[WHAT IS BEING ASKED] Working from the top of the listing below, retype each line through the line containing "Слайд 58Подвиг. 2", both included, with no pictures.

[GIVEN MATERIAL]
__________________________________________________
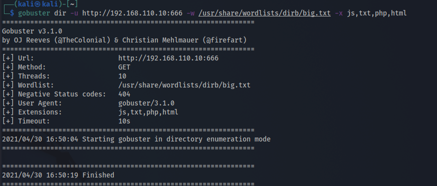 gobuster dir -u http://192.168.110.10:666 -w /usr/share/wordlists/dirb/big.txt -x js,txt,php,html
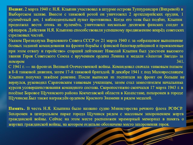 Слайд 58Подвиг. 2 марта 1940 г. Н.Я. Клыпин участвовал в штурме острова
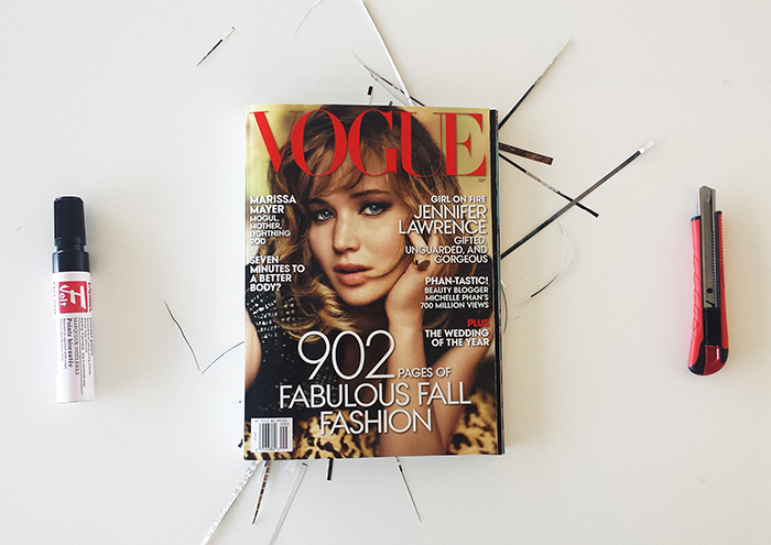 Het septembernummer van Vogue is, zoals we sinds The September Issue allemaal weten, het belangrijkste nummer van het jaar. En dankzij de honderden advertenties, ook het dikste. De editie was dit jaar maar liefst 902 bladzijden dik. Zeventig procent daarvan was reclame. Designer Joseph G. Davies besloot als experiment alle advertenties uit dit nummer te ‘blokken’. Hij scheurde pagina na pagina uit en de reclame-uitingen die hij niet kon verwijderen, maakte hij zwart met een dikke markeerstift.
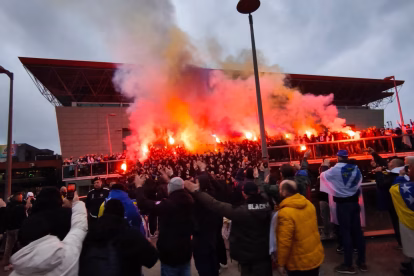 Umjesto toga, atmosfera u Zenici je svečana i vesela, iako kako se utakmica približava, ozbiljnost događaja se osjeća, zatežući lica i ograničavajući osmijehe.
__________________________________________________
[EXPECTED OUTPUT]
 gobuster dir -u http://192.168.110.10:666 -w /usr/share/wordlists/dirb/big.txt -x js,txt,php,html
 Слайд 58Подвиг. 2 марта 1940 г. Н.Я. Клыпин участвовал в штурме острова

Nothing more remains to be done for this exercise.